Голос мальчишки кололся терновой язвой и шипящим нагаром вопреки тому, что юное личико продолжало хранить столь изысканную красоту, столь удивительные, одухотворенные черточки и секреты, и Микель, вновь захваченный любованием принадлежащего отныне ему и только ему одному совершенного творения, неохотно, просто чтобы не спускать всего подряд с молоденьких шаловливых лапок, приподнял брови в той пантомиме, за которой обычно по-гамлетовски вопрошают:
«Неужто я так часто лгу тебе, что ты не можешь поверить в самые глубинные, самые непринужденные человеческие признания, жестокое божество лунных нарциссов?!»
– Но это именно так, мой дерзкий иноходец. Напомню тебе, что мне становится очень грустно всякий раз, как ты решаешь начать меня подозревать в выдуманном самим тобой обмане. Но, так и быть, я прощу тебе этот маленький баловливый порок. – На новое надутое фырканье мужчина не среагировал, чем знатно кое-кого выеживающегося задел, зато, как будто от нечего делать потянувшись к травам, что тихо-мирно дымились теперь уже и щепоткой добавленной левкои – Рейнхарт успел сообщить, что та так называлась, – подхватил из выкуриваемых пучин палочку-агарбатти, повертел ту в пальцах и, откусив краснеющий угольком кончик, принялся неторопливо втягивать через рот да прямиком в ноздри пугающий ароматный дым, валящий из подожженного погибающего естества. – Меня это успокаивает, моя радость, – пояснил, смазанным кивком указывая на торчащую изо рта палку, от крепкого запаха которой на глаза Уэльса бесконтрольно набегали зародыши слёз. – Ума не приложу, как столь прелестное существо благороднейшей породы En Tremblant может обладать столь ярко выраженной способностью раз за разом задевать мои искреннейшие чувства, но что не стерпишь ради своей обожаемой розы… Разве не этому нас учил Маленький заблудившийся Принц? Пусть он и весьма плачевно в своих похождениях закончил… О, нет-нет, прошу тебя. Только не надо снова. Не трудись открывать свой дивный ротик. Я слишком сильно ждал этого вечера, чтобы так бесславно с ним распрощаться и испортить то, чего портить не хотелось. А я ведь могу это, милый мой. Испортить. Ты не забывай.
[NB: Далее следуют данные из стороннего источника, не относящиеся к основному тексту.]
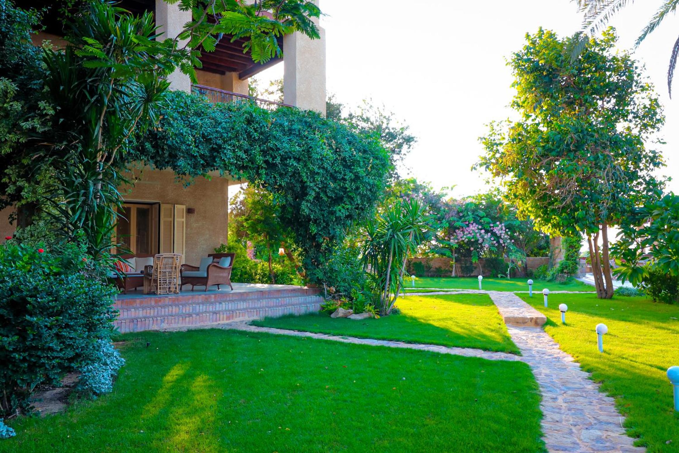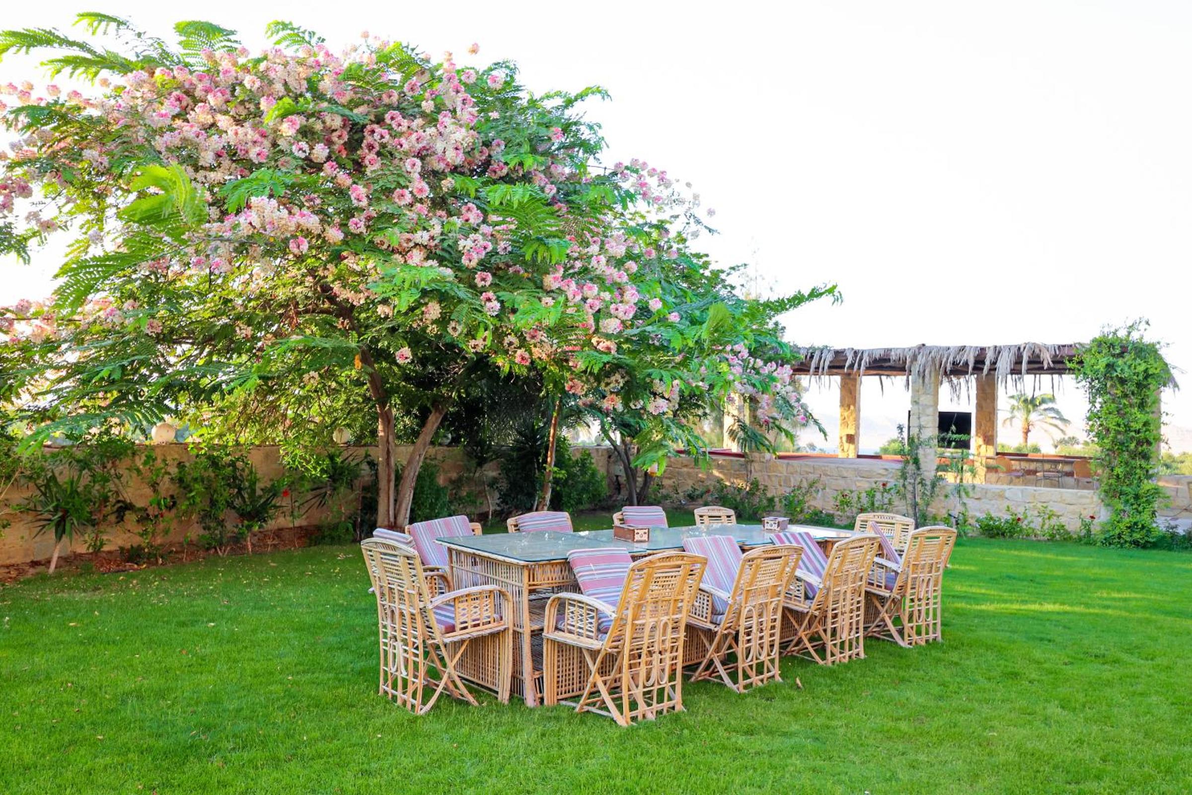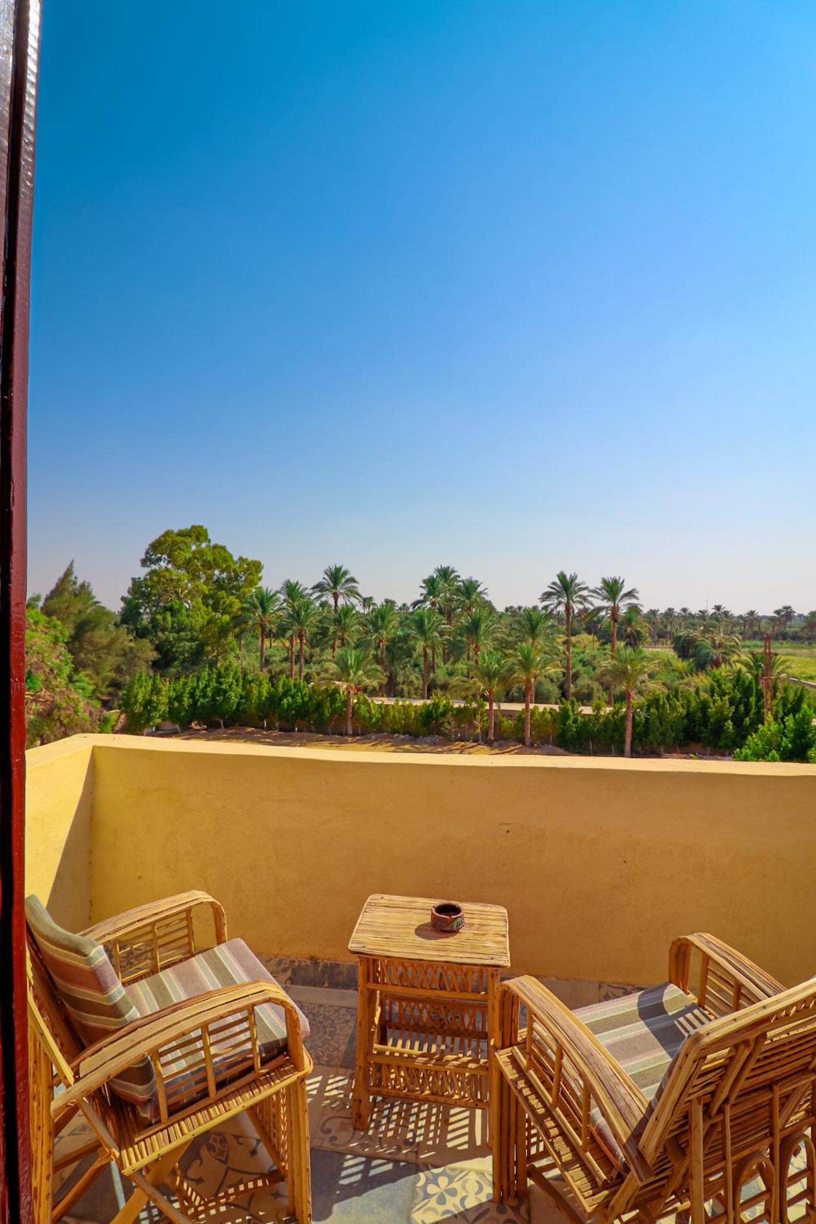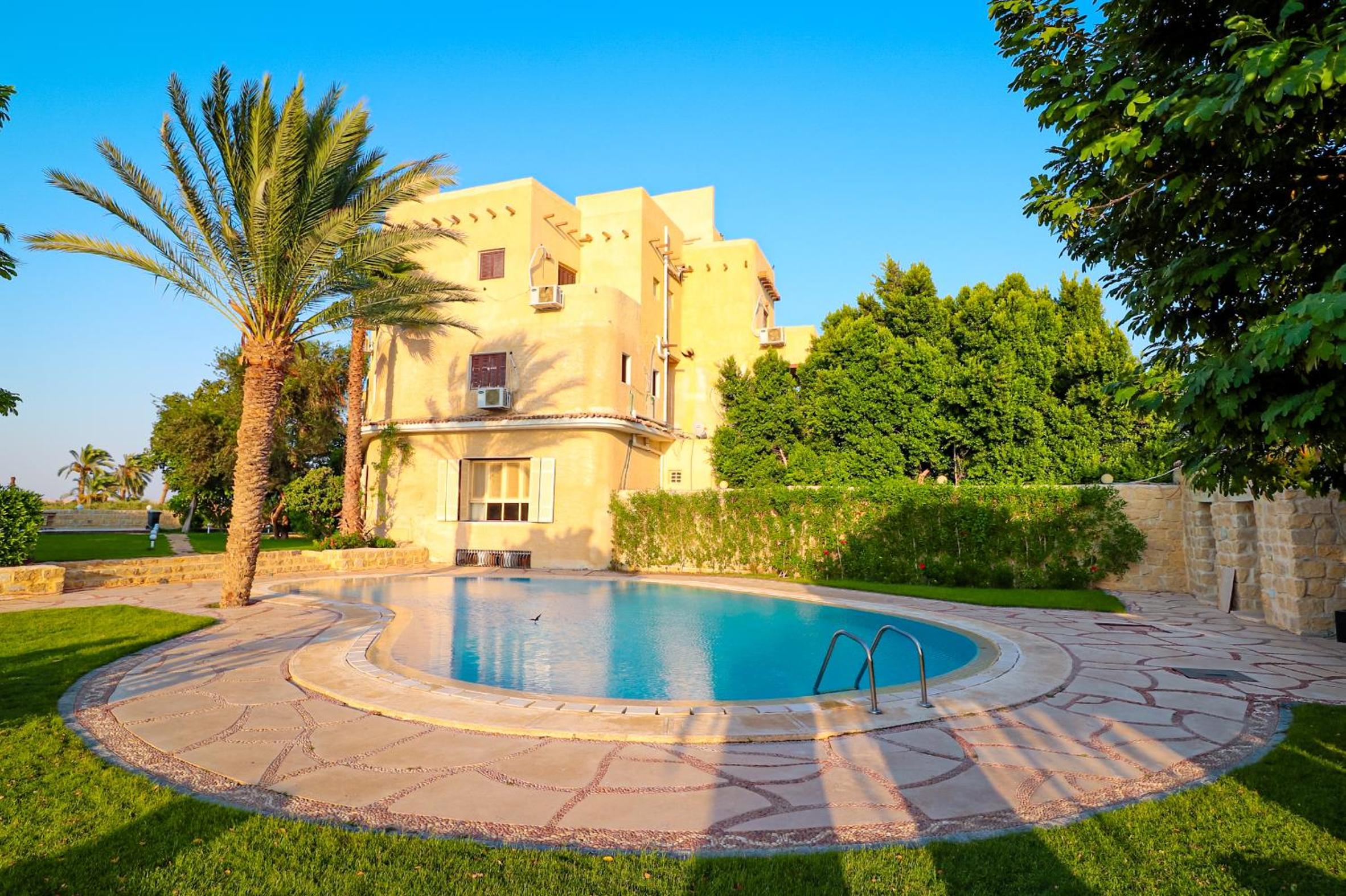 Tache Boutique Hotel Fayoum offers a serene outdoor experience with an inviting swimming pool, lush garden, and a charming terrace for relaxation. Guests can also socialize in the shared lounge area or enjoy a delightful barbecue.

Уэльс, угрозу уловивший чутко, надежно, всеми волосками ее гадкий душок впитавший и выпивший, особаченно ощерился, выпрямившейся осанкой и стиснувшимися пальцами говоря, что ни черта он не боится – хотя, конечно, страшно было, но… – и что вообще виноват не он, а это вот тупое да чокнутое Величество в синих латах да с масалой в зубах, корчащее и корчащее мерзкие ехидные рожи и настырно продолжающее нести то бред, то обман, то намеренно замазанную цензуры ради лживую погань.
Видом, правда, говорить – говорил, но слов трогать не стал: пожалел, как с ним начало иногда приключаться, этого сраного придурка, где-то в глубине души признавая, что обида его вроде бы имела право и место быть, да и опять же – гребаный пресловутый страх и гребаная пресловутая рожа с неуравновешенными глазищами, от вида которой спину пробирало скачущими туда и сюда склепными мурашками.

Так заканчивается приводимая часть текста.